### MATERIAL PROVIDED
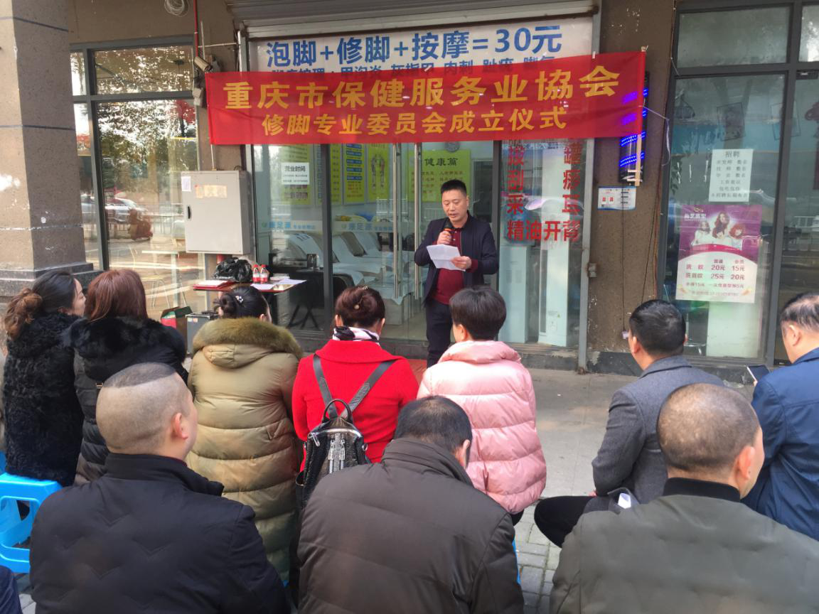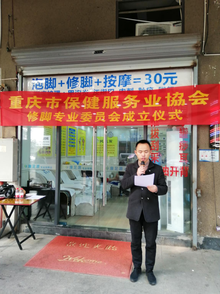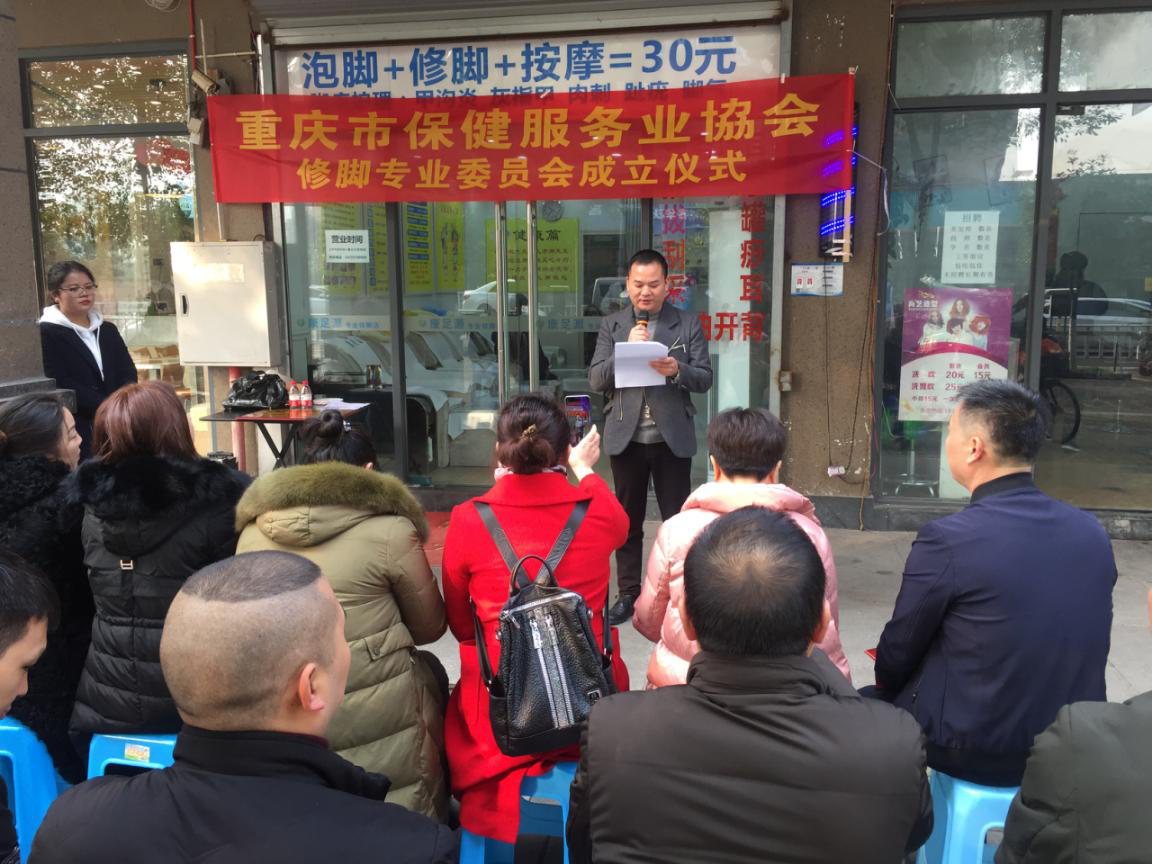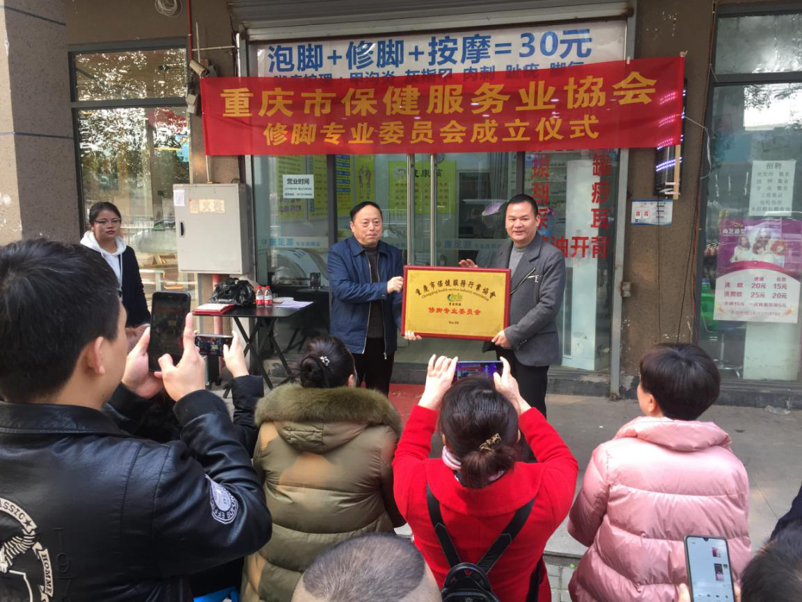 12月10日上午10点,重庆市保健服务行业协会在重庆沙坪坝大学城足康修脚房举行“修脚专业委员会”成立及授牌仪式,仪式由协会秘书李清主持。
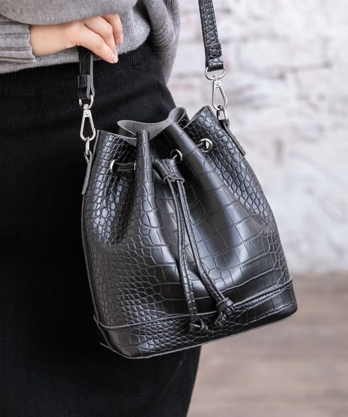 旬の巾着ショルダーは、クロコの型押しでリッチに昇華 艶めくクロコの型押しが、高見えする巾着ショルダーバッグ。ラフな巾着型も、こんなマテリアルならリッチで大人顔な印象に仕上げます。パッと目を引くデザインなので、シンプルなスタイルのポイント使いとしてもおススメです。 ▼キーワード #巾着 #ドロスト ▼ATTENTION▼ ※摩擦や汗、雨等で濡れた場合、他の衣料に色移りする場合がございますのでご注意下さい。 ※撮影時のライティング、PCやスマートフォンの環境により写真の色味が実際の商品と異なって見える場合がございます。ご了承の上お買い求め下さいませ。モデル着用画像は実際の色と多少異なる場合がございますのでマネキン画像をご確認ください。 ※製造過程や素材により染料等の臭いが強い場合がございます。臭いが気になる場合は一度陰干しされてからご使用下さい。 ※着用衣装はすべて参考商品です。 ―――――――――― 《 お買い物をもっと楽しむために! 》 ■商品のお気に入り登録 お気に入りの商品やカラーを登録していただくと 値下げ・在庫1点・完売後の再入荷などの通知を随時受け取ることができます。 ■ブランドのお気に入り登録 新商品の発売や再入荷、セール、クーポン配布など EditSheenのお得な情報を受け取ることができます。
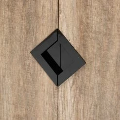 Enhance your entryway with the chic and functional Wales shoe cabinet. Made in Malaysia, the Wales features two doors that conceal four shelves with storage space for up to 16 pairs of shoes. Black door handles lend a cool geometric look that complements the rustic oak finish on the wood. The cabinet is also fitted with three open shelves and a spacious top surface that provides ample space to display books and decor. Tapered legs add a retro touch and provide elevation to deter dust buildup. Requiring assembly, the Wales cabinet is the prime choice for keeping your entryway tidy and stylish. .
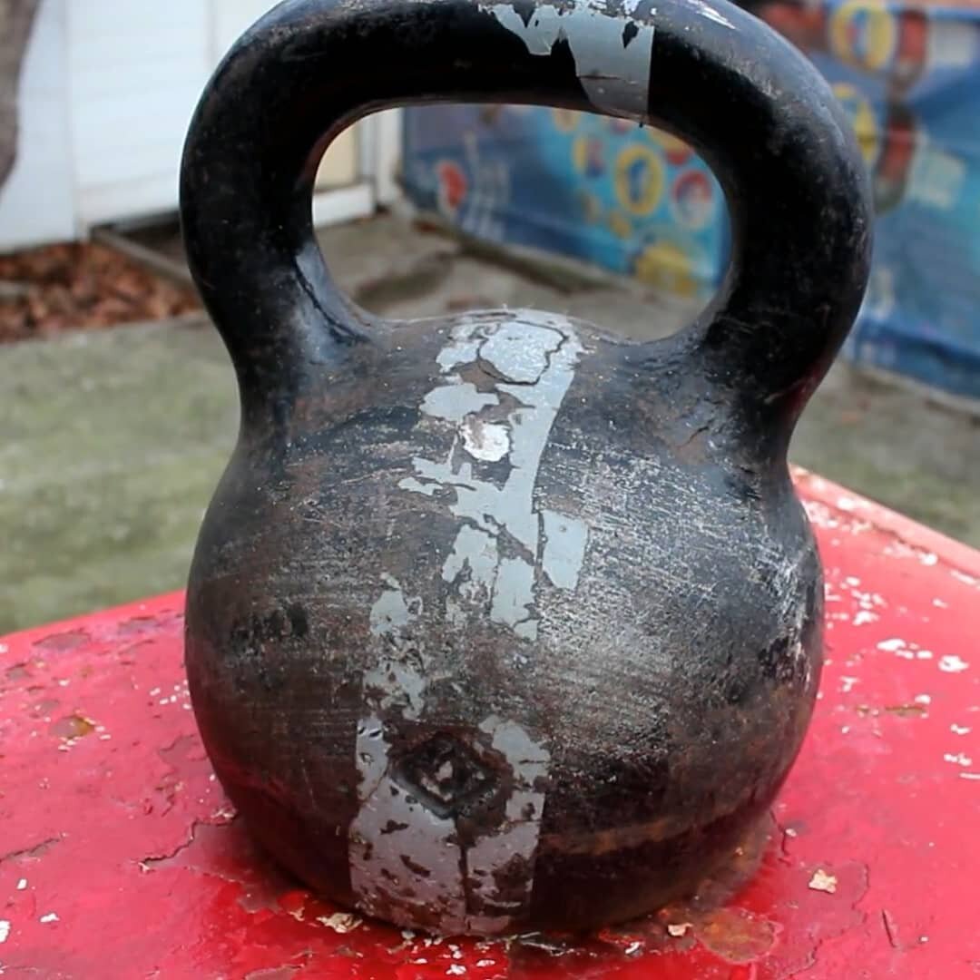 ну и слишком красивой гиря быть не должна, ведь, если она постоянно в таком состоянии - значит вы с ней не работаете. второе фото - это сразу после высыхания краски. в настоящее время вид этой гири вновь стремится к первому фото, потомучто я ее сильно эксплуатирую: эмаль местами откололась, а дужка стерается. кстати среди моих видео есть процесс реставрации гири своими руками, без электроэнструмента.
######
Would you please retype all the data exactly? Leave out whatever pictures it holds.

 12月10日上午10点,重庆市保健服务行业协会在重庆沙坪坝大学城足康修脚房举行“修脚专业委员会”成立及授牌仪式,仪式由协会秘书李清主持。
 旬の巾着ショルダーは、クロコの型押しでリッチに昇華 艶めくクロコの型押しが、高見えする巾着ショルダーバッグ。ラフな巾着型も、こんなマテリアルならリッチで大人顔な印象に仕上げます。パッと目を引くデザインなので、シンプルなスタイルのポイント使いとしてもおススメです。 ▼キーワード #巾着 #ドロスト ▼ATTENTION▼ ※摩擦や汗、雨等で濡れた場合、他の衣料に色移りする場合がございますのでご注意下さい。 ※撮影時のライティング、PCやスマートフォンの環境により写真の色味が実際の商品と異なって見える場合がございます。ご了承の上お買い求め下さいませ。モデル着用画像は実際の色と多少異なる場合がございますのでマネキン画像をご確認ください。 ※製造過程や素材により染料等の臭いが強い場合がございます。臭いが気になる場合は一度陰干しされてからご使用下さい。 ※着用衣装はすべて参考商品です。 ―――――――――― 《 お買い物をもっと楽しむために! 》 ■商品のお気に入り登録 お気に入りの商品やカラーを登録していただくと 値下げ・在庫1点・完売後の再入荷などの通知を随時受け取ることができます。 ■ブランドのお気に入り登録 新商品の発売や再入荷、セール、クーポン配布など EditSheenのお得な情報を受け取ることができます。
 Enhance your entryway with the chic and functional Wales shoe cabinet. Made in Malaysia, the Wales features two doors that conceal four shelves with storage space for up to 16 pairs of shoes. Black door handles lend a cool geometric look that complements the rustic oak finish on the wood. The cabinet is also fitted with three open shelves and a spacious top surface that provides ample space to display books and decor. Tapered legs add a retro touch and provide elevation to deter dust buildup. Requiring assembly, the Wales cabinet is the prime choice for keeping your entryway tidy and stylish. .
 ну и слишком красивой гиря быть не должна, ведь, если она постоянно в таком состоянии - значит вы с ней не работаете. второе фото - это сразу после высыхания краски. в настоящее время вид этой гири вновь стремится к первому фото, потомучто я ее сильно эксплуатирую: эмаль местами откололась, а дужка стерается. кстати среди моих видео есть процесс реставрации гири своими руками, без электроэнструмента.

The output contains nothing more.